On Fri, 26 Oct 2001, Paul A Vixie wrote:
no. i do not agree to receive a smurf attack, no matter whether my contract with a nexthop fails to require them to prevent it from reaching me.
This is true, you do not explicitly agree to recieve the smurf. You do however, agree to pay for it, because more generally it is "traffic" and not "smurf traffic". This lack of distinction enables a) the sender to send the smurf b) you to recieve it, which you have agreed to pay for. So, until your next-hop agreement DOES enforce service requirements expect to get smurfs, spam, and all matter of other undesirables. (We are of course, ignoring the fact that this is an "attack" not a "request" or a "probe", or some other form of well intentioned traffic.)
no, there's no known financial benefit to smurfing me, but the entities who direct such attacks have positive motivation of some kind for doing so -- and i assure you that this benefit to them, whatever it is, is far greater than the benefit to me (which would have to be expressed in negative terms.)
i think it's reasonable for a smurfer to know that my infrastructure cannot tolerate multiplicitous input streams from tens of thousands of sources. just as a spammer can indeed know, without doubt, that if millions of senders, all at once, decided to send me unsolicited nonpersonal e-mail, that my inbox would not hold up well.
no specific knowledge is required in those cases. in those cases and in other cases where specific knowledge of my infrastructure is not necessary to determine that the traffic would be "not welcome", then it ought not be sent.
I can more or less agree with you here.
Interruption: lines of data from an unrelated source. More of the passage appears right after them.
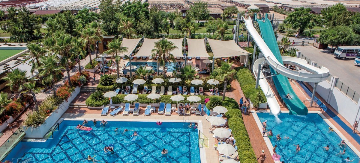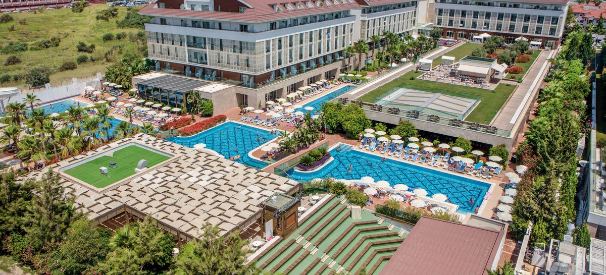 Die 2012 erbaute Anlage bietet 359 Wohneinheiten, eine großzügige Süßwasser-Poollandschaft mit Rutschen sowie ein beheizbares Hallenbad. WLAN steht Euch in der gesamten Anlage zur Verfügung, die 24-Stunden-Rezeption hält den Servicefluss auf Kurs. Kulinarisch führt der Weg vom internationalen Buffet über fünf À-la-carte-Restaurants bis zur Patisserie. Für Kinder gibt es Miniclub, Kinderpool und Spielbereiche, während Aktive zwischen Fitness, Tennis und Wassersport wählen.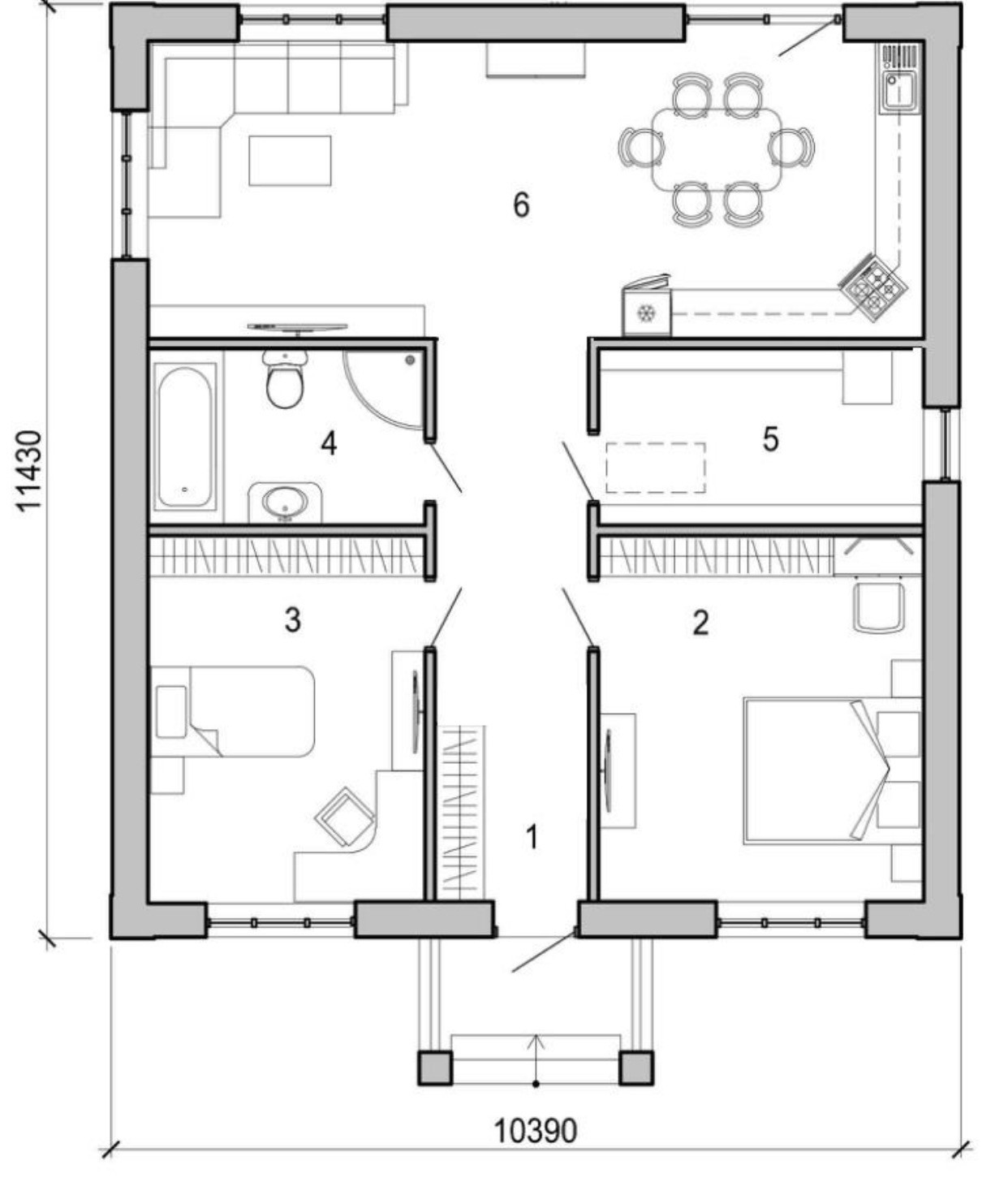 Прихожая, две спальни, котельная, санузел, просторная гостиная с кухней и выходом на задний двор (при желании можно сделать веранду).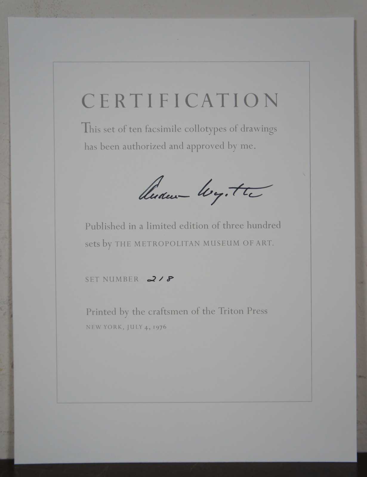The Kuerners – Study, 1971” by Andrew Wyeth. Professionally framed. From a portfolio of 10 facsimile collotype prints of drawings by Andrew Wyeth. Produced by The Metropolitan Museum of Art, 1976. The portfolio is certified and signed by Andrew Wyeth which was produced in a limited edition of three hundred sets. Photocopy of original certification included. This was set 218/300 printed by the craftsmen of the Triton Press New York, July 4th, 1976.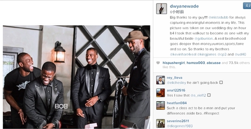 在instagram上,韦德写道:“向我的兄弟们致意感谢!@mistadubb总能捕捉到我人生中充满意义的一刻,这张照片拍摄于我婚礼举办前的一个小时。真正的兄弟情要远远超越金钱、流言、运动、名声等方面。我真的非常感谢自己的这些兄弟们。感谢@哈特@勒布朗@保罗@哈斯勒姆@波什(没有出现在这张照片中)出席婚礼,和我一起来分享这一时刻。#你们知道凯文会让我笑个不停##我们住在不同的城市,但当我们在一起时总是会感觉到爱#”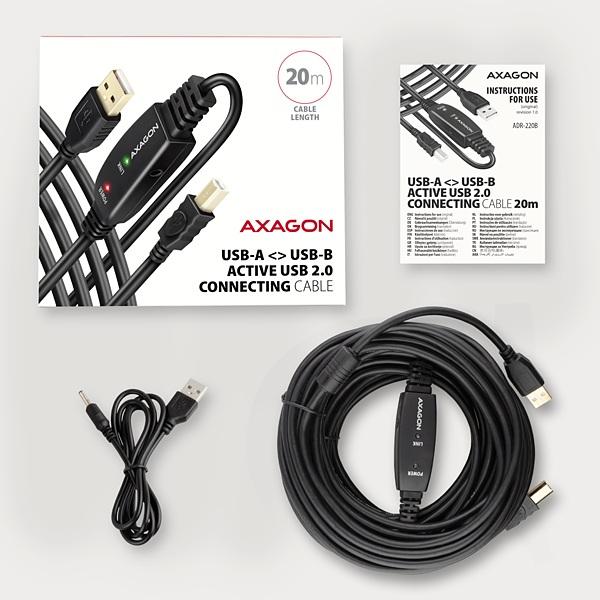 Propojovací aktivní kabel AXAGON ADR-220B, USB 2.0 A-M -> B-M 20m

Again, the distinction of traffic types and service levels at the edge among providers would prevent this. Another solution could involve removing some of the human element in internetworking - a topic sure to delight and astound NANOG readers.
in some places, they are illegal. in all places, they are "unwelcome." since a sender of this (or any) traffic may not know the laws in force at the place where the recipient host resides, the broader standard of "unwelcome" is more widely applicable than the narrow standard of "illegal."
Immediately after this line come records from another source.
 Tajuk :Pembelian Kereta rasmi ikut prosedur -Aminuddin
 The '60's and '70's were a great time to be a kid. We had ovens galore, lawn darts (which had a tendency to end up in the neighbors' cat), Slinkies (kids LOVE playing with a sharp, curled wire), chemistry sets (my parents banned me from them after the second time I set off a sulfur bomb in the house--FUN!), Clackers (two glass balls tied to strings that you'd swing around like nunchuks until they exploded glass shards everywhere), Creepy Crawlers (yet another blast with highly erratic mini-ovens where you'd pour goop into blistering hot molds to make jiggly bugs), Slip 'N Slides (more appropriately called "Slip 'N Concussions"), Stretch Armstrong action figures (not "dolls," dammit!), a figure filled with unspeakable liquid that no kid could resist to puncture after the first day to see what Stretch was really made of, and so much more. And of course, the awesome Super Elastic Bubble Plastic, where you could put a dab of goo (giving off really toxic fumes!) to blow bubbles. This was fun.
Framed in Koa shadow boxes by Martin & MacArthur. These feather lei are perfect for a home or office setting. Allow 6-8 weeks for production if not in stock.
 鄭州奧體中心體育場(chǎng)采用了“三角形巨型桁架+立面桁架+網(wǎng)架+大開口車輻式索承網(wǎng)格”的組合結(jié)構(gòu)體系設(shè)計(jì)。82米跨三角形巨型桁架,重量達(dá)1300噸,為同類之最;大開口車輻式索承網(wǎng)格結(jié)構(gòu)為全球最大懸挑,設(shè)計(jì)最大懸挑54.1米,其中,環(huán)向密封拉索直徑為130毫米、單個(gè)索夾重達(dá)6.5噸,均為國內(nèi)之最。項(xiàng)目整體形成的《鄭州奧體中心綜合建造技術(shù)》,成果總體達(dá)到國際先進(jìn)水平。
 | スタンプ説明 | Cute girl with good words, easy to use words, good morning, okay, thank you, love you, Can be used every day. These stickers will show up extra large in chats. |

This is where we arrive at "Acceptable Use", which is why it is required. But these policies need to be propogated and enforced at smaller points of intervention. Why should not the authoritative owner of 64.0.0.0/24 be allowed to tell 63.0.0.0/24 that it will only accept traffic type A (current scalability issues removed)? Further, without a standard for agreeable parameters such a system would represent chaos. This is where we arrive at Standards and Technology again.
of course, illegal things ought also not be done. but that'd be a new thread.